The Netherlands last tasted Euros success back in 1988 when they beat the Soviet Union 2-0 in the final in Munich. Since then, the team has reached three Euros semi-finals before being eliminated in each one – and in 2016 the Dutch didn’t even qualify for the tournament. What’s perhaps more alarming is they failed to reach the World Cup three years ago.
This is therefore the Netherlands’ first international competition since winning the third-place final at the World Cup back in 2014. Seven years is a long time for a nation used to international success to wait – and expectations are building ahead of the Euro finals.
This year could be bathed in orange if the Dutch can navigate through a straightforward group stage – and their recent results suggest this shouldn’t be a problem. The Netherlands battled through a Euros qualification group that included Germany, Northern Ireland, Belarus, and Estonia to reach the finals – and they claimed a famous 4-2 victory over the Germans in Hamburg along the way. Two of the three top goal scorers in the qualifying group were Dutch and the team is blessed with a hoard of young attacking talent ready to be deployed this summer.
It is still uncertain with which formation The Netherlands will play during this Euros. However, The Netherlands played a 4-3-3 system in their last matches. This formation works similarly to that of Premier League side Liverpool. A flat midfield three can quickly transform into a malleable triangle, with the middle man sitting deep. The forwards intermingle in search of space, while the full-backs are encouraged to bomb on and stretch play with their overlaps. Unfortunately, this can lead to gaps at the back that have been exploited in recent months – Turkey scored four past the Dutch in a World Cup qualifier back in March.
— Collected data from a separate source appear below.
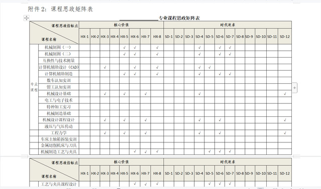 最后,机制专业的每位老师针对自己所教学课程,对照着课程思政二十条,根据课程特点及目标要求,按专业课程、专业实践课程分类建立课程思政矩阵,明确各课程融入的指标。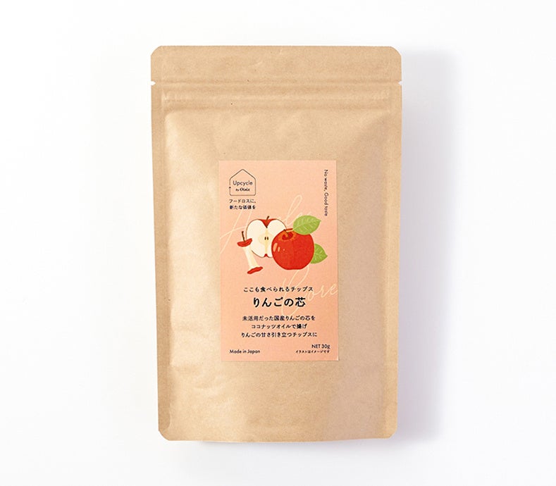 カットフルーツ工場で未活用だった国産りんごの芯をココナッツオイルで揚げ、りんごの甘さが引き立つチップスに仕上げました。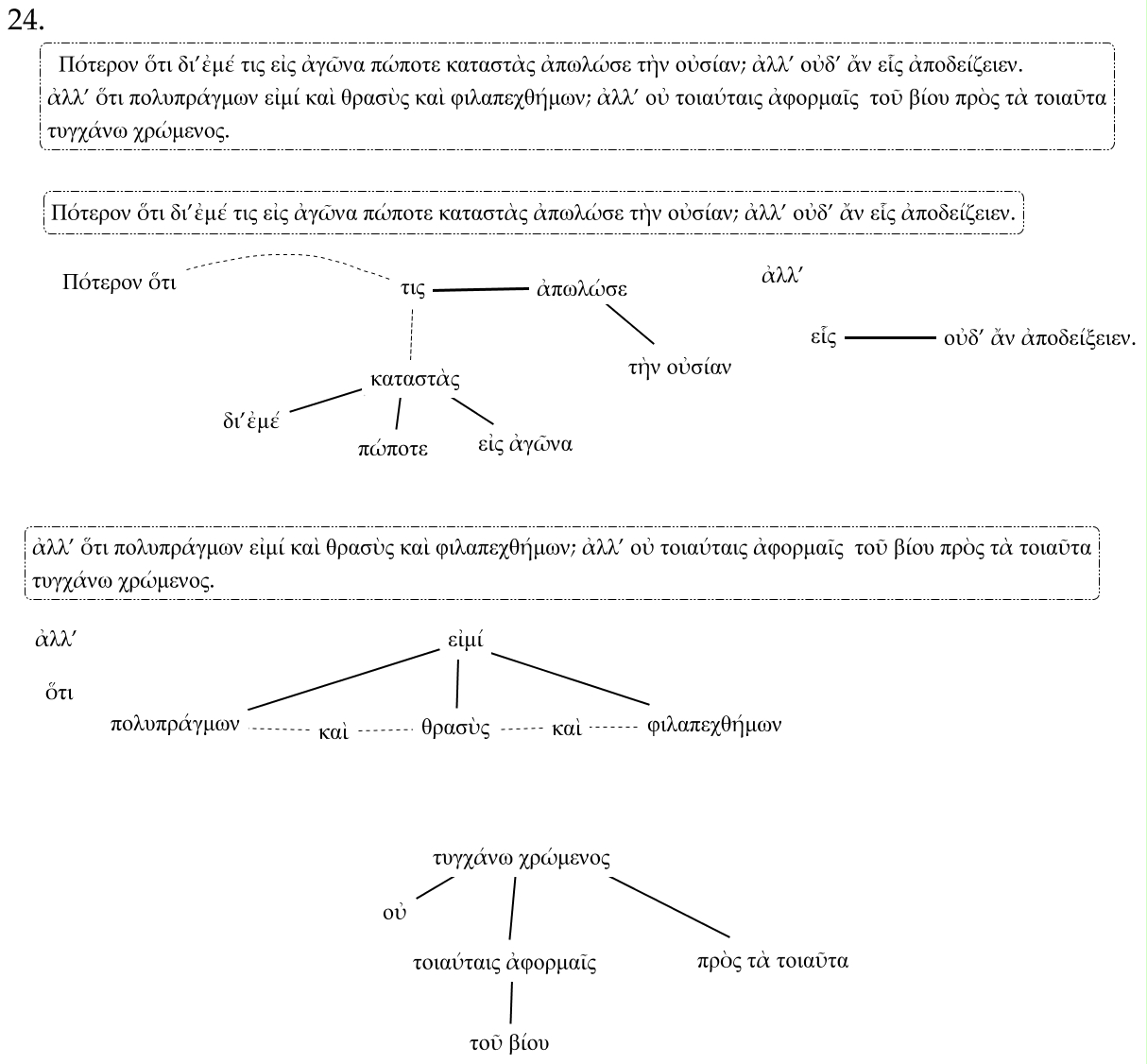 Este Cmap, tiene información relacionada con: frag.24 imprimir, τὴν οὐσίαν ???? ἀπωλώσε, πώποτε ???? καταστὰς, οὐ ???? τυγχάνω χρώμενος, καὶ ???? θρασὺς, πρὸς τὰ τοιαῦτα ???? τυγχάνω χρώμενος, θρασὺς ???? εἰμί, φιλαπεχθήμων ???? καὶ, εἰς ἀγῶνα ???? καταστὰς, δι’ἐμέ ???? καταστὰς, τοῦ βίου ???? τοιαύταις ἀφορμαῖς, εἷς ???? οὐδ’ ἄν ἀποδείξειεν., εἰμί ???? πολυπράγμων, καὶ ???? πολυπράγμων, ἀπωλώσε ???? τις, Πότερον ὅτι ???? τις, φιλαπεχθήμων ???? εἰμί, τοιαύταις ἀφορμαῖς ???? τυγχάνω χρώμενος, τις ???? καταστὰς, καὶ ???? θρασὺς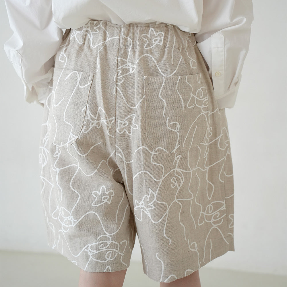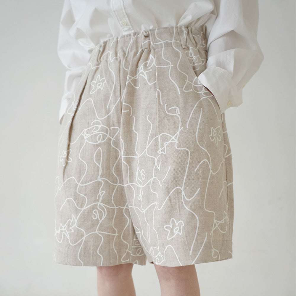 オリジナル ラインフラワープリント ショートパンツ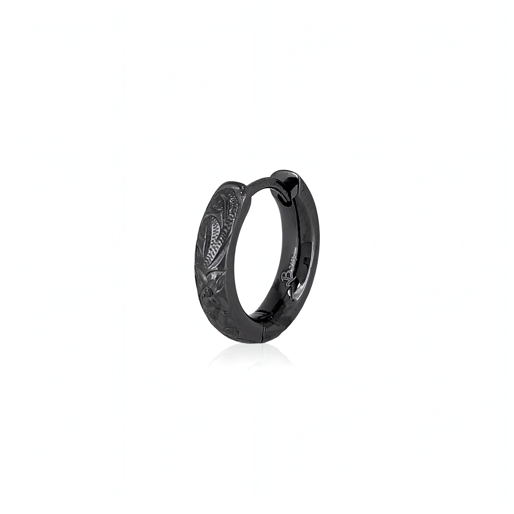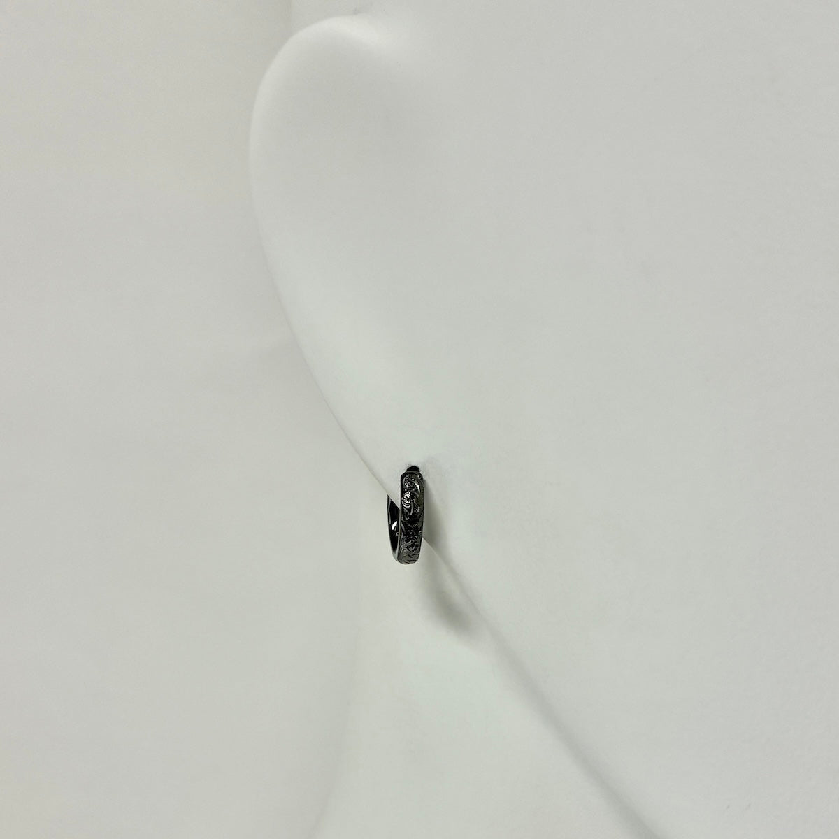 耳元で静かに主張する、彫金が映えるフープピアス。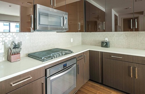 The Hayworth puts you steps from Houston’s upscale Tanglewood neighborhood, with great dining and green spaces nearby. Perfect for short-term visits or extended stays, our fully-furnished apartments feature full kitchens with quartz countertops, stainless steel appliances, stylish furnishings, and fast WiFi. Outside your door, enjoy resort-style amenities including sand volleyball and tennis courts, a poolside grilling area, fitness and business centers.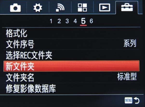 2 按下控制拨轮上的中央按钮确定创建新文件夹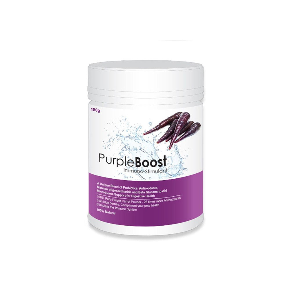 Purple Boost aids in strengthening capillaries, protecting eyesight, moderating liver histology, and enhancing factors like enzymes, glucose tolerance, and fat pad regulation. It actively contributes to disease prevention, boosts energy levels, and maintains overall health.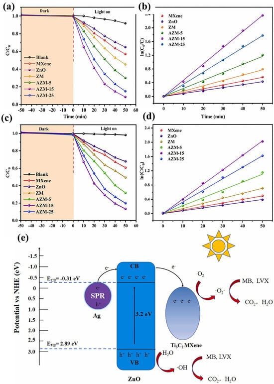 A simple hydrothermal and chemical deposition approach produces an MXene heterojunction by hybridizing ZnO and Ag nanoparticles with the MXene (Ag@ZnO@Ti3C2 ternary composite) by Liu et al. To boost the photocatalytic activity of MXene, the combination of Ag and ZnO may effectively compensate for its narrow bandgap, separate the charge carriers, and increase the absorption of visible light. One way to measure the AZM’s photocatalytic activity is to see how well it removes methylene blue dye and levofloxacin when exposed to visible light. Figure 7a shows that even after 50 min of dark stirring, the MB concentration had not dropped much, suggesting that the adsorption interaction between methylene blue and the hydrocarbons and anions present was mild. After 50 min of visible-light irradiation, the MB elimination rate was 8.31% without a photocatalyst. This is likely because the spectra of the light emitted by the irradiation coincides with the MB peak absorbance. Figure 7a,c show that when it comes to MB and LVX photodegradation performance, the ZM composite is better than pure MXene. Because of the Ag particles’ SPR impact, the AZM samples show much better photocatalytic degradation than the ZM samples. Figure 7b,d provide a rate graph that plots ln(C0/C) against time to better quantify the deterioration rate [127]. The primary species involved in the photodegradation of MB and LVX, as shown by the outcomes of trapping tests and EPR, are ·OH and ·O2−. This study offers a means to develop novel bandgap photocatalysts that can degrade organic pollutants photocatalytically, which may help reduce environmental pollution.

Still, supporters back at home will expect this Netherlands Euro squad to top Group C that includes North Macedonia, Ukraine and Austria. All three of their group games will be played at the Johan Cruyff Arena in Amsterdam, while winning Group C could see them face Sweden, Scotland or even Portugal in the last-16. They kick off the tournament against Ukraine on 13 June and play Austria – arguably their hardest group opponent – four days later. Win those two and they’ll already be through, yet North Macedonia could provide an upset when they make their Euros bow.